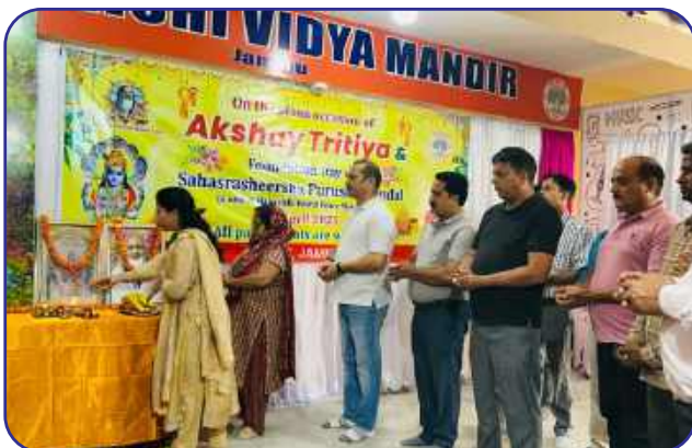
Maharishi Vidya Mandir, Jammu
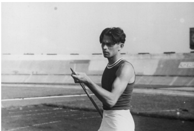
Eugeniusz Lokajski podczas przedolimpijskich zawodów lekkoatletycznych w Warszawie, czerwiec 1936 r.

Eugeniusz Lokajski przed wojną był sportowcem. Odnosił sukcesy jako wszechstronny lekkoatleta. Początkowo startował w zawodach pięcioboju i dziesięcioboju. W 1935 r. zdobył srebrny medal w pięcioboju na mistrzostwach świata w Budapeszcie. Spróbował wszystkiego, aby ostatecznie znaleźć dyscyplinę, w której był najlepszy. W 1936 r. ustanowił rekord Polski w rzucie oszczepem i wystartował w tej konkurencji na olimpiadzie w Berlinie. Na treningu przed zawodami olimpijskimi uzyskał rezultat 73,27 m, co było trzecim, wynikiem na świecie. Niestety kontuzja uniemożliwiła Lokajskiemu zdobycie wtedy medalu.
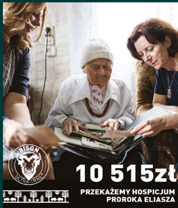
Realna pomoc dla naszych podopiecznych

Po raz kolejny odbyła się zbiórka darowizn prowadzona podczas zapisów na biegi Bison Ultra-Trail®. Zakończyła się dużym sukcesem i realnym wsparciem dla naszego hospicjum. Bison Ultra-Trail® to cykliczny bieg trailowy organizowany w malowniczej scenerii Knyszyńskiej Puszczy z bazą startową i metą w Supraślu, w którym w 2025 roku wzięło udział ponad 4000 osób z całej Polski, a także z zagranicy. To wyjątkowe wydarzenie sportowe organizowane w Supraślu już od kilku edycji łączy pasję do biegania z wrażliwością na potrzeby innych. Dzięki możliwości przekazywania datków podczas zapisów, biegacze i organizatorzy regularnie wspierają naszych podopiecznych, a z roku na rok przekazywana kwota jest coraz wyższa. Jesteśmy ogromnie wdzięczni za tę stałą obecność i zaufanie.
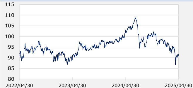
円/オーストラリアドル（円）
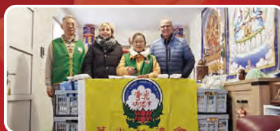
法國華光功德會大弘分會

→ WHAT YOU SHOULD DO
What is needed is an exact repeat of every entry above, with the pictures left out.

→ RESPONSE TO THIS TASK
Maharishi Vidya Mandir, Jammu
Eugeniusz Lokajski podczas przedolimpijskich zawodów lekkoatletycznych w Warszawie, czerwiec 1936 r.

Eugeniusz Lokajski przed wojną był sportowcem. Odnosił sukcesy jako wszechstronny lekkoatleta. Początkowo startował w zawodach pięcioboju i dziesięcioboju. W 1935 r. zdobył srebrny medal w pięcioboju na mistrzostwach świata w Budapeszcie. Spróbował wszystkiego, aby ostatecznie znaleźć dyscyplinę, w której był najlepszy. W 1936 r. ustanowił rekord Polski w rzucie oszczepem i wystartował w tej konkurencji na olimpiadzie w Berlinie. Na treningu przed zawodami olimpijskimi uzyskał rezultat 73,27 m, co było trzecim, wynikiem na świecie. Niestety kontuzja uniemożliwiła Lokajskiemu zdobycie wtedy medalu.
Realna pomoc dla naszych podopiecznych

Po raz kolejny odbyła się zbiórka darowizn prowadzona podczas zapisów na biegi Bison Ultra-Trail®. Zakończyła się dużym sukcesem i realnym wsparciem dla naszego hospicjum. Bison Ultra-Trail® to cykliczny bieg trailowy organizowany w malowniczej scenerii Knyszyńskiej Puszczy z bazą startową i metą w Supraślu, w którym w 2025 roku wzięło udział ponad 4000 osób z całej Polski, a także z zagranicy. To wyjątkowe wydarzenie sportowe organizowane w Supraślu już od kilku edycji łączy pasję do biegania z wrażliwością na potrzeby innych. Dzięki możliwości przekazywania datków podczas zapisów, biegacze i organizatorzy regularnie wspierają naszych podopiecznych, a z roku na rok przekazywana kwota jest coraz wyższa. Jesteśmy ogromnie wdzięczni za tę stałą obecność i zaufanie.
円/オーストラリアドル（円）
法國華光功德會大弘分會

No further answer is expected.